Cancer-Related Pain: Attention to Medication Reconciliation

CANCER-PAIN MANAGEMENT – PART II

Analgesics are the cornerstone of cancer pain management in all age groups, but the primary care provider must take into account comorbidities, age-related changes, and potential drug-drug interactions in older patients before prescribing a pain-killer in older adults. This second article in the series reviews the pharmacological considerations for starting and continuing pain medication in older adults and the elderly, with special attention paid to the role of the clinical pharmacist as part of the interdisciplinary care team and how to reduce the risks associated with aberrant drug use.

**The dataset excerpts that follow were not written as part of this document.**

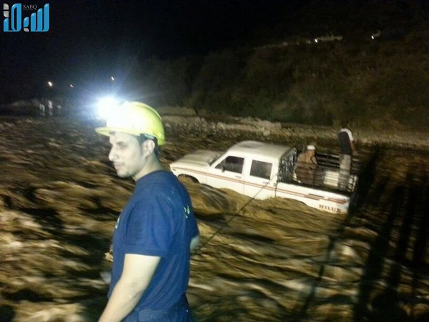 بالصور: الدفاع المدني يُنقذ رجلين من الموت غرقاً بالسيول في المجاردة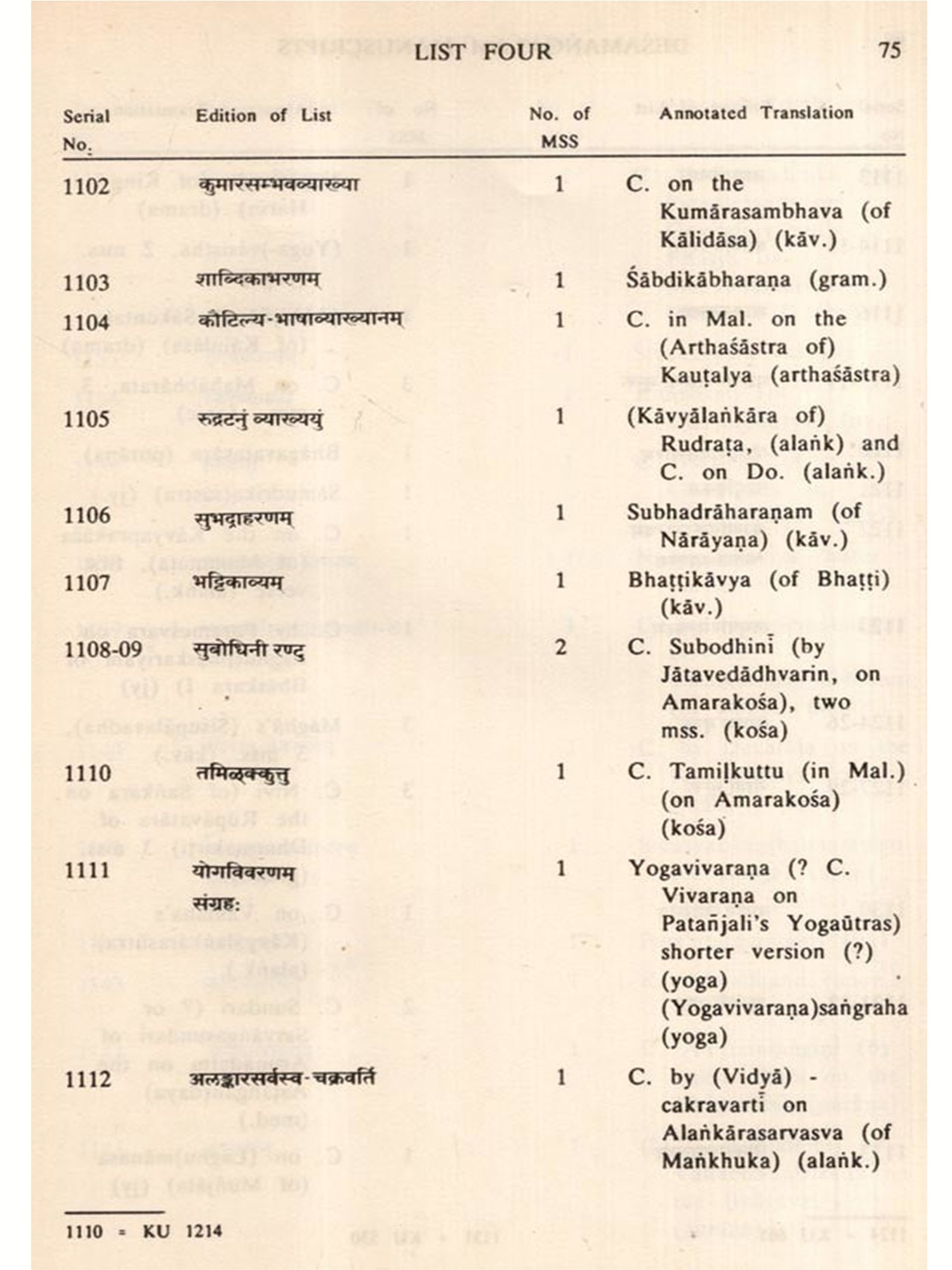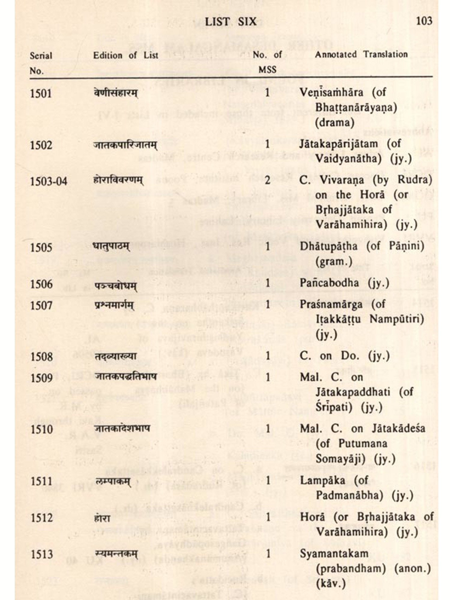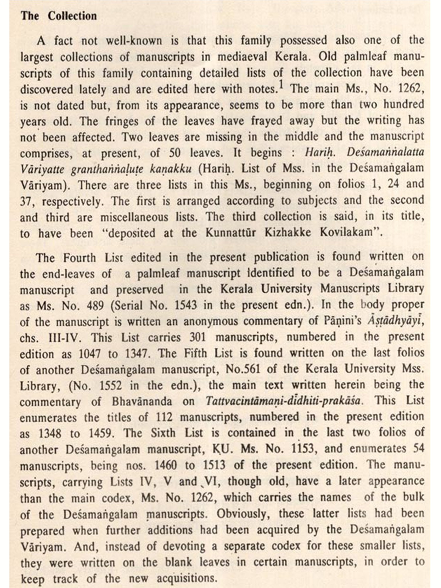 The Desamangalam Collection is particularly important, in that it had contained manuscripts of a number of hitherto unknown texts besides unique and important manuscripts. Dr. Sarma has identified some of the important texts and it is very much worthwhile to search for texts whose titles are made known by the Desamangalam lists, while the manuscripts themselves have perished. To be sure, one of the uses to which the present Catalogue can be put to would be to look for, in extant collections, manuscripts of the said rare and important texts, for study and research.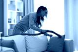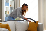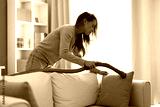 Housewife cleaning sofa with vacuum cleaner in living room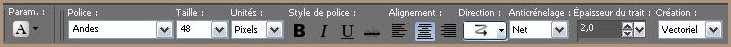 l'outil Texte/Police Andes/Taille: 48/ Trait : 2/ Vectoriel : 36 - Dégradé en Avant-plan fermé/couleur arrière-plan #000000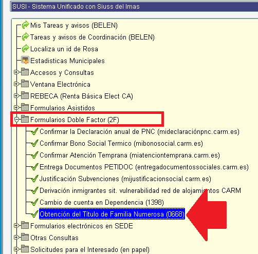 Ahora podemos acceder directamente desde VISI/SUSI/CORE al formulario de obtención del título, carnet o formato digital de Familia Numerosa.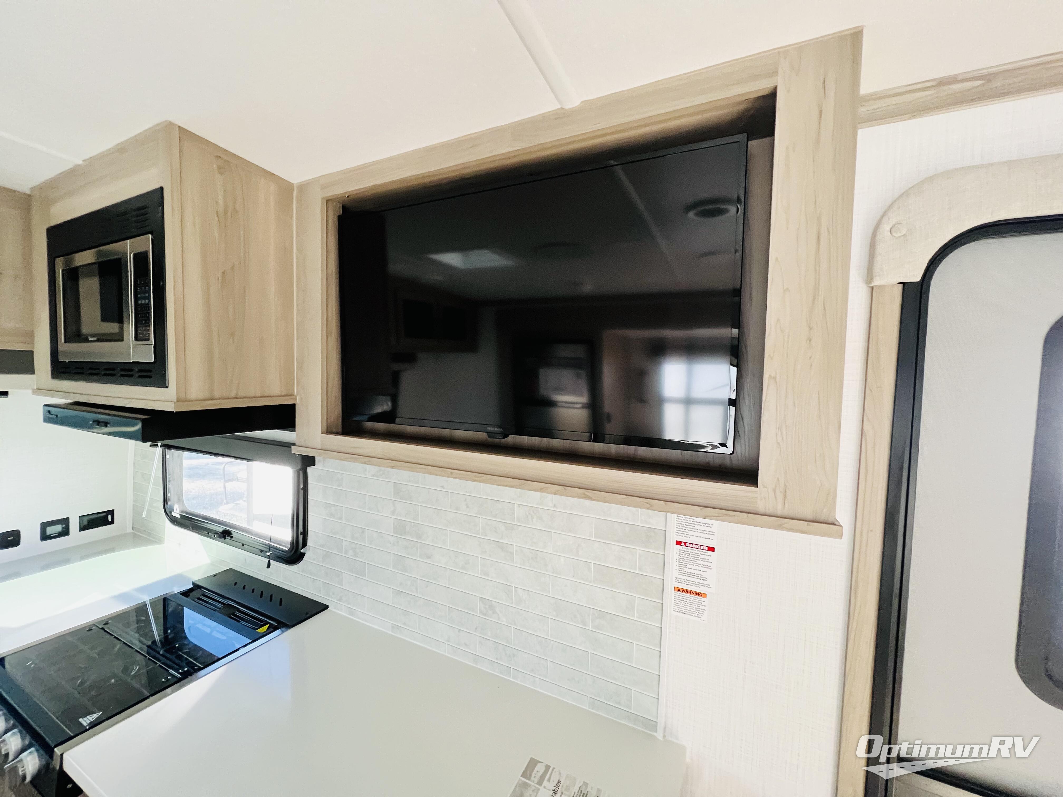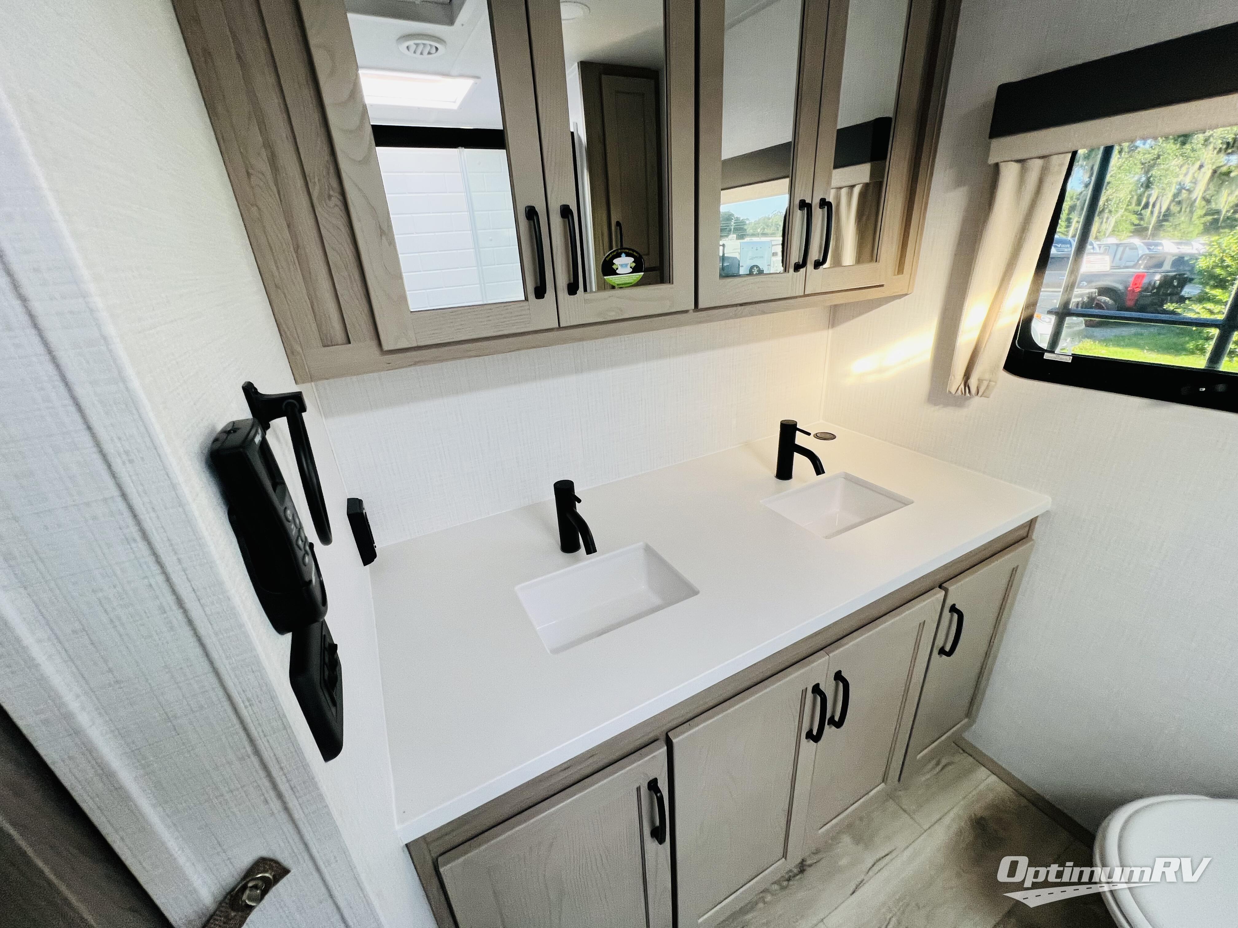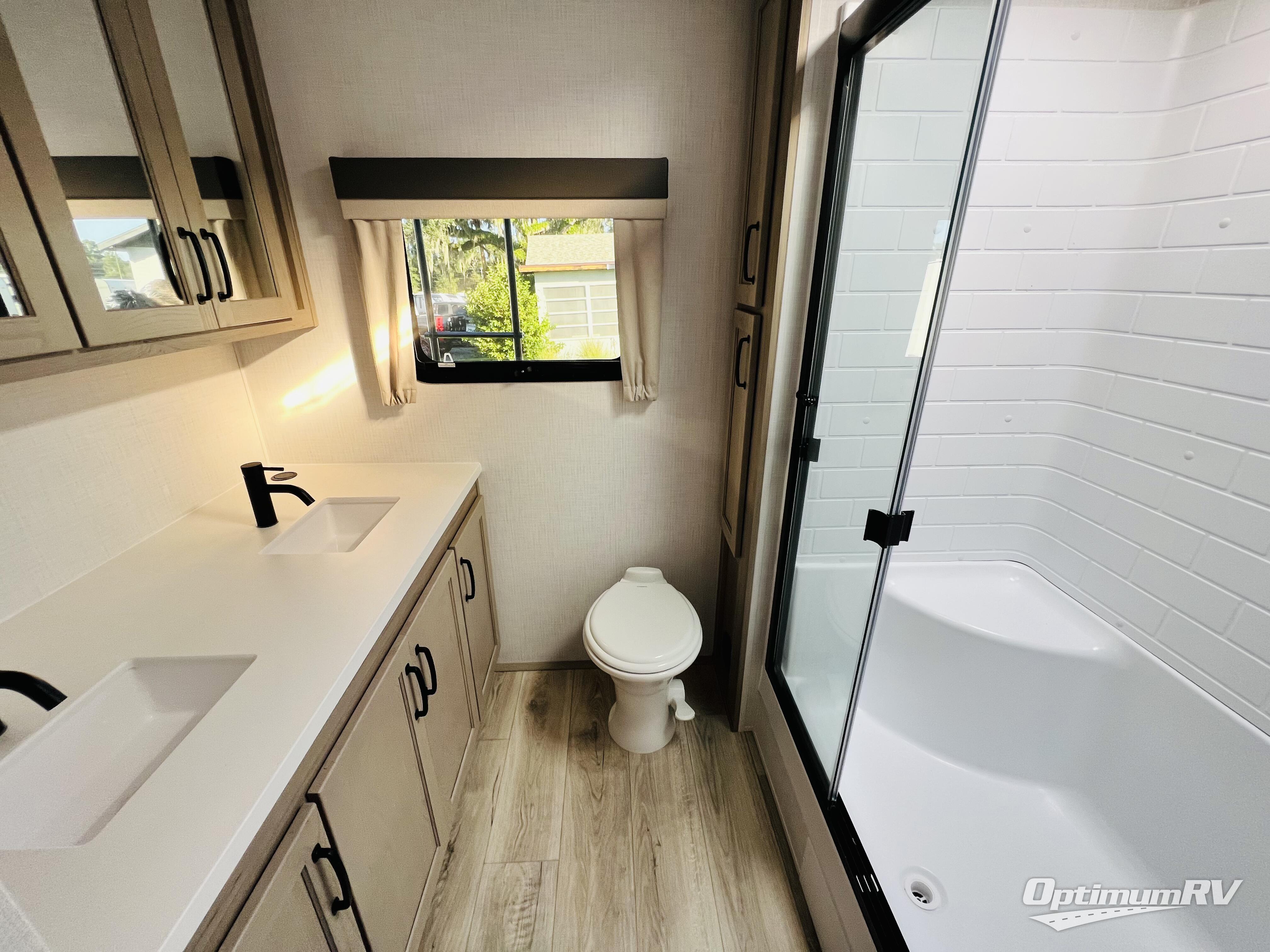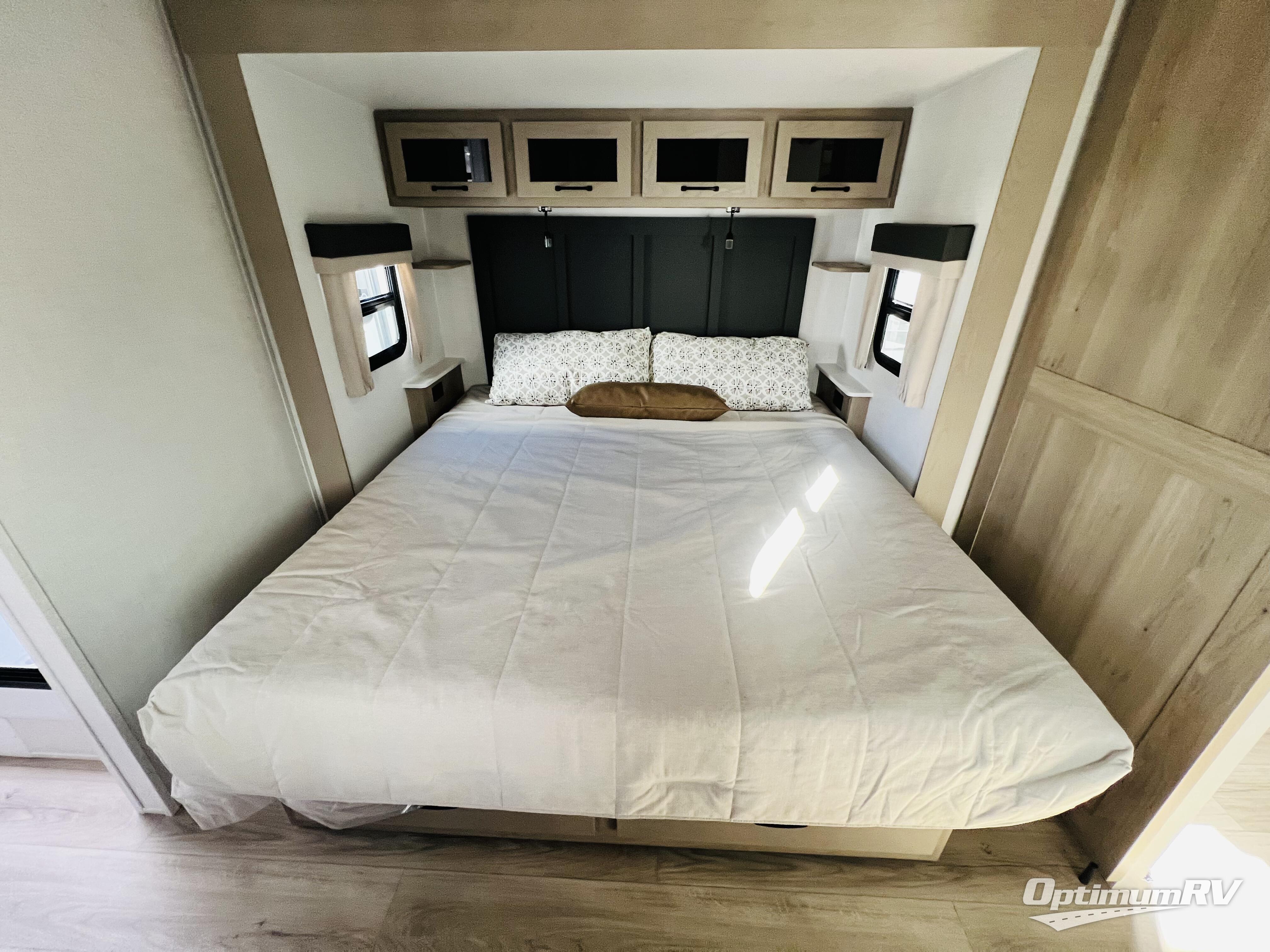 You will love how open this travel trailer will feel with the large front window that you can look out from the two-person bar top seating! The front kitchen has plenty of countertop space for you to prepare your best meals. Your nights will be spent in true relaxation with a 67" theater seating and king bed slide in the bedroom for a great night's rest. The full rear bathroom has a shower with a seat to take a nice, hot shower before bed, and a dual-sink vanity for two to get ready at once in the mornings!

The Nature of Pharmacological Pain Management in the Elderly

The American Geriatrics Society has a guideline for pain management in the older patient.1 Even though the elderly have greater intolerance to nonsteroidal anti-inflammatory drugs, fewer opioid receptors in the central nervous system, altered ratios of mu and delta opioid receptors, and increased sensitivity to opioids, the general principles of treatment initiation for moderate to severe pain are the same as in younger patients: prescribe an immediate-release opioid by mouth, titrate the dose to effect, then convert to a long-acting preparation.2 Age-related physiologic changes and disease-related changes in organ function do have to be taken into account, however, as they affect the drug’s pharmacokinetics and pharmacodynamics. On the one hand, reductions in lean body mass and total body water decrease the volume of distribution of hydrophilic analgesics such as morphine. On the other hand, increases in body fat in the elderly results in a larger volume of distribution for lipophilic analgesics such as fentanyl, resulting in a longer time to reach steady state and delayed elimination of pain medicine should start lower and increase slower to account for these changes.3-5 Age-related changes in hepatorenal function also decrease the clearance of drugs. Pharmacotherapy becomes very complex when the older patient also has serious comorbidities, a long list of medications taken at home, prescribers and pharmacies located in different cities and states, cognitive changes, and/or caregiver issues. These patients are at increased risk of under- and over-treatment, adverse effects, drug interactions, and poor outcomes.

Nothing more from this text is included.